DBRS continues to be the agency which attributes the highest rating to Portugal’s national debt out of the other ratings agencies that evaluate it, such as Moody’s and Standard & Poor’s.
And despite the pandemic, which has caused a severe recession in Portugal, DBRS has maintained the rating it awarded after its last evaluation in September and will likely do the same again.
“We are not expecting them make any change in the rating,” says Filipe Silva, director of investments at Banco Carregosa.
“”The rating and outlook should remain unchanged,” says Filipe Garcia from the IMF.
However, warnings have been issued. “It is possible that DBRS will issue reservations on Portugal’s economic outlook,” says the Banco Carregosa specialist.
“The increase in debt, as well as a deterioration in economic conditions had already been factored in during the last analysis made by this ratings agency,” but this “new lockdown has made a situation already complicated, worse,”adds Garcia.

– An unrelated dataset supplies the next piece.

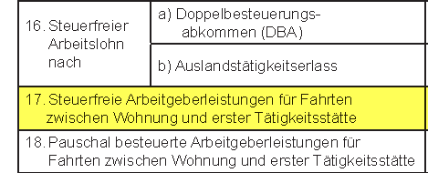 - Steuerfreie Erstattungen für Fahrtkosten (Zeile 17)
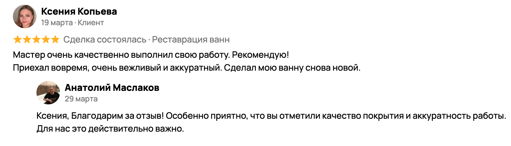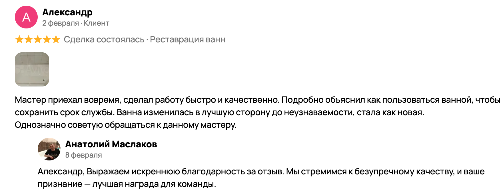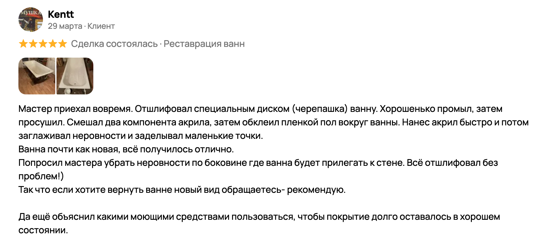 Отзывы клиентов, которые доверили нам реставрацию своей ванны в Новокузнецке

“There may be words of caution regarding the increase in debt/GDP ratio which is now around 130%, but also in “a future increase in internet rates in the secondary market. After closing the year with below zero interest rates, the yield on Portuguese treasury bonds has risen, now standing at 0.391%on 10-year bonds.
It is a slight increase that is in common with other Euro Zone countries, but is particularly visible in the interest rates on US debt over investor fears of inflation.
The Portuguese State is expected to add an extra €20Bn onto Government debt as a result of the Covid-19 pandemic.